The recordings (33 tests at 30 minutes each) were transcribed by the usability team and student researcher (position funded by an internal grant), the latter also a member of the research team. We recommend hiring a student with strong language skills (e.g. linguistics, languages, communications) and presenting it as an opportunity for a student to participate in a research project. If you’re requesting this extra student support through your library administration, highlighting the benefits to the student (in terms of gaining firsthand experience on a research project, a potential author credit, and increased student engagement) might be a compelling argument and can help your request for resources stand out. The student (co-author) and the lead author did the bulk of the transcribing with the assistance of Otranscribe, a free Chrome extension that facilitates transcription (e.g. keystroke shortcuts for starting/stopping/timestamps and automatically rewinding by a few seconds when playing after pausing). On average, it took us 90-120 minutes to transcribe a 30-minute test. We also included descriptions of screen-recorded activities enclosed in square brackets in our transcriptions. This sped up the process of pre-reading each transcript in preparation for analysis rather than watching the recording in its entirety. We recommend starting with 10-15 interviews which will be less work in terms of transcription and coding. You may do more or fewer, if you find you are still uncovering interesting themes or if you are starting to see a lot of repetition in your coding and less development of themes, in which case, you’ve likely reached a good time to stop.

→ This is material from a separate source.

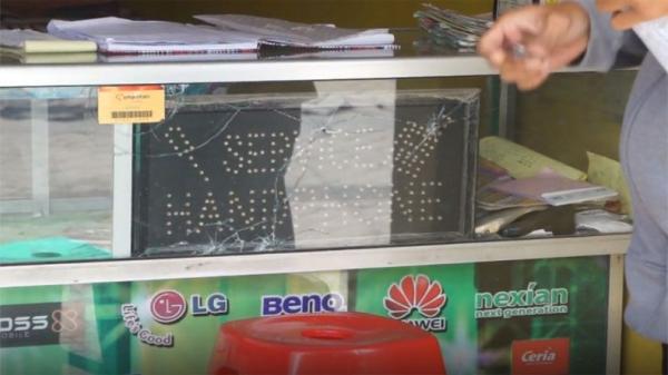 Kaca etalase konter HP MJ Cell di Jalan Tambak Dalam Raya Semarang berlubang akibat ditembaki orang tak dikenal, Senin (7/1/2019). (Foto: iNews.id/Donny Marendra)

We recommend choosing unique file names for each transcript (Transcript 1, Transcript 2, etc.) and within each transcript use unique speaker codes for individual speakers (I1 for interviewer; I2 for second interviewer; PtSt1016 which stood for student (St) participant (Pt) #10 from 2016). Align participant numbers with transcript numbers. The speaker codes come in handy when you are analyzing your data and comparing themes across participants. It is important to make decisions about speaker codes as early in the process as possible, and ideally before transcription begins, so that the speaker codes can be created and inserted during the transcription process. Deciding on speaker codes after transcription will result in returning to all of your data to clean up these codes. In addition, if you make use of Word’s heading styles in your transcript files, you can automatically identify and autocode participant speech and interviewer speech, as long as you have applied different heading styles to these sections of your transcriptions.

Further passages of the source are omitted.